[[ DATA FOR THE TASK open ]]

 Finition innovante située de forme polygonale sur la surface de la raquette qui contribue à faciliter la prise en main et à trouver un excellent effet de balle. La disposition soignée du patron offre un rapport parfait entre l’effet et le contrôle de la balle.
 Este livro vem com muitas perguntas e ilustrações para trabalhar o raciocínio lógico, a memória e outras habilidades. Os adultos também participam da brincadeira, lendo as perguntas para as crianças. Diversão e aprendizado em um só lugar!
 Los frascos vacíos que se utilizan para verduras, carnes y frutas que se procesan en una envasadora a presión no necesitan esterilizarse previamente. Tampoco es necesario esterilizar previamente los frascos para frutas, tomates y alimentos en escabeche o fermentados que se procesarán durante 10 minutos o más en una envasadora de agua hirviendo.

[[ DATA FOR THE TASK closed ]]
[[ DATA FOR THE TASK open ]]

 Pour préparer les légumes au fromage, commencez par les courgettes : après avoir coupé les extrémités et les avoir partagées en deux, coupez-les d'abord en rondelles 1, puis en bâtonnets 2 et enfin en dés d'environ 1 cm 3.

[[ DATA FOR THE TASK closed ]]

What is needed is an exact copy of the lines above, from the one containing "Finition innovante située" through the one containing "Los frascos vacíos", with nothing added.

 Finition innovante située de forme polygonale sur la surface de la raquette qui contribue à faciliter la prise en main et à trouver un excellent effet de balle. La disposition soignée du patron offre un rapport parfait entre l’effet et le contrôle de la balle.
 Este livro vem com muitas perguntas e ilustrações para trabalhar o raciocínio lógico, a memória e outras habilidades. Os adultos também participam da brincadeira, lendo as perguntas para as crianças. Diversão e aprendizado em um só lugar!
 Los frascos vacíos que se utilizan para verduras, carnes y frutas que se procesan en una envasadora a presión no necesitan esterilizarse previamente. Tampoco es necesario esterilizar previamente los frascos para frutas, tomates y alimentos en escabeche o fermentados que se procesarán durante 10 minutos o más en una envasadora de agua hirviendo.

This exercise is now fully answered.